The “uncontrolled deorbit” remark appears to be a direct reference to Russia’s threat to not provide one of its Progress MS cargo ships to assist in the space station’s retirement at the end of the decade. On Saturday, Roscosmos dismissed all 87 Russians working at Europe’s Guiana Space Center in Kourou, French Guiana and suspended launches of the Soyuz-ST rocket from there in protest of the sanctions.

В ответ на санкции Евросоюза в отношении наших предприятий Роскосмос приостанавливает сотрудничество с европейскими партнерами по организации космических запусков с космодрома Куру и отзывает свой технический персонал, включая сводный стартовый расчёт, из Французской Гвианы. pic.twitter.com/w05KACb9nI

— РОГОЗИН (@Rogozin) February 26, 2022

“I was not surprised, based on his previous behavior,” former space station commander Terry Virts told Time of Rogozin’s outburst. “This is what I’ve come to expect.”

Rogozin’s comments come more than seven weeks after NASA announced its intent to keep the ISS operational until 2030, though the American space agency and Roscosmos are still negotiating a new "crew exchange" deal, which would see astronauts and cosmonauts sent to the ISS aboard both American and Russian rockets. Russia’s obligations to the ISS officially expire in 2024 and, even prior to the invasion of the Ukraine, Russia was rumbling about pulling out of the project by 2025.

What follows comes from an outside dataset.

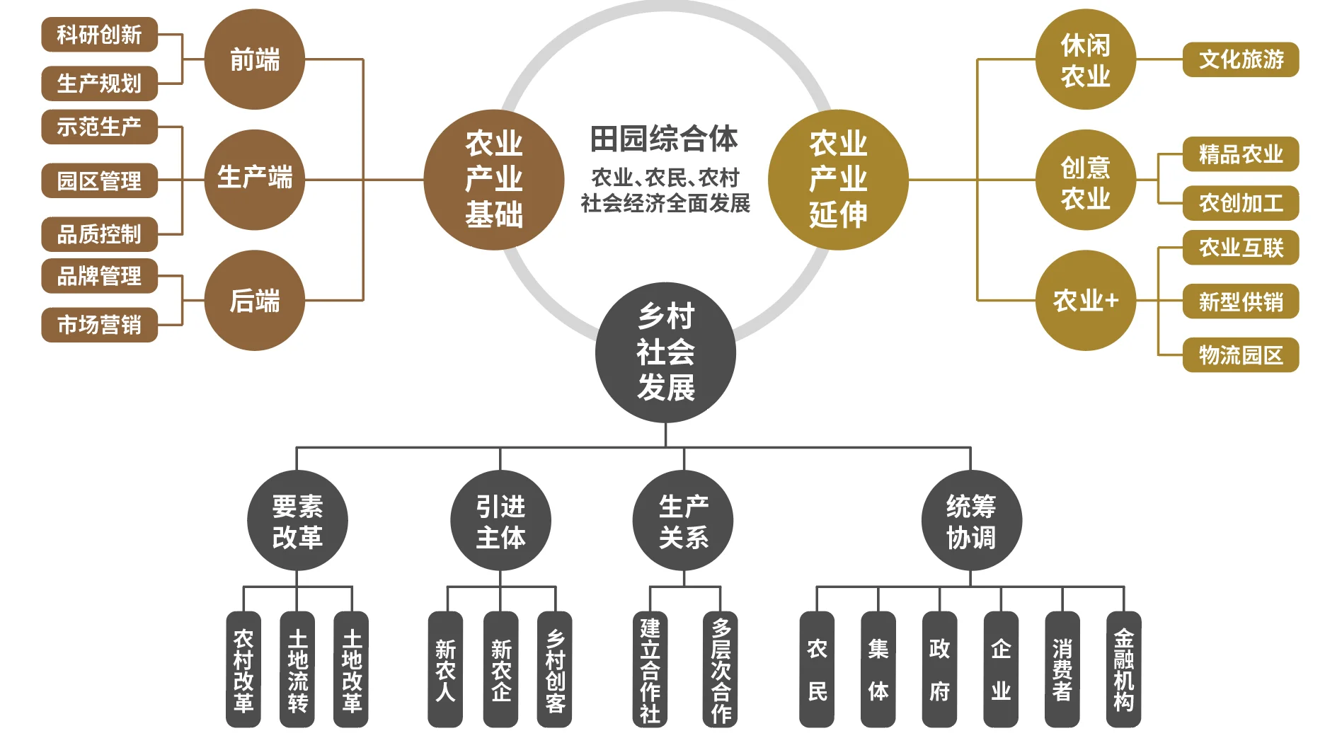 田園綜(zong)合體(ti)的(de)(de)目標,是(shi)實現地方(fang)社會經濟全(quan)面發展(zhan)。在(zai)上述模型(xing)中,我們可以看出,這個終(zhong)局的(de)(de)形(xing)成(cheng),是(shi)多(duo)方(fang)參與、過程發展(zhan)的(de)(de)結(jie)(jie)果,并(bing)不是(shi)單(dan)靠政(zheng)府(fu)、單(dan)靠農民能夠(gou)(gou)完(wan)(wan)成(cheng),也不是(shi)絕對地說由(you)誰牽頭就能夠(gou)(gou)完(wan)(wan)成(cheng),更(geng)不是(shi)通過招商由(you)某(mou)個企業(ye)來主(zhu)(zhu)導完(wan)(wan)成(cheng)的(de)(de)。而是(shi)要(yao)(yao)形(xing)成(cheng)共識,構(gou)建一個多(duo)方(fang)利益共享(xiang)共生的(de)(de)畫(hua)卷(juan)。政(zheng)府(fu)對需要(yao)(yao)補貼(tie)支持的(de)(de)部分作補貼(tie)支持,對需要(yao)(yao)改革和(he)重新規劃的(de)(de)給予產(chan)業(ye)政(zheng)策引導,然后(hou)由(you)各(ge)方(fang)主(zhu)(zhu)體(ti)發揮(hui)所長積極參與創造(zao),形(xing)成(cheng)我們也可稱之(zhi)為田園綜(zong)合體(ti)的(de)(de)“新結(jie)(jie)構(gou)”。這個新結(jie)(jie)構(gou)是(shi)戰(zhan)略,隨后(hou)還要(yao)(yao)有(you)空氣土(tu)壤讓這個戰(zhan)略落地,還要(yao)(yao)有(you)“想干、敢干、能干”的(de)(de)各(ge)方(fang)主(zhu)(zhu)體(ti)拼(pin)力(li)執行,相互(hu)協力(li)支持,最(zui)后(hou)方(fang)得(de)成(cheng)功(gong)!

"The Russian segment can't function without the electricity on the American side, and the American side can't function without the propulsion systems that are on the Russian side," former NASA astronaut Garrett Reisman noted to CNN. "So you can't do an amicable divorce. You can't do a conscious uncoupling."

As such, “NASA continues working with all our international partners, including the State Space Corporation Roscosmos, for the ongoing safe operations of the International Space Station,” the agency told Reuters following Rogozin’s rant. “The new export control measures will continue to allow US-Russia civil space cooperation. No changes are planned to the agency’s support for ongoing in orbit and ground station operations.”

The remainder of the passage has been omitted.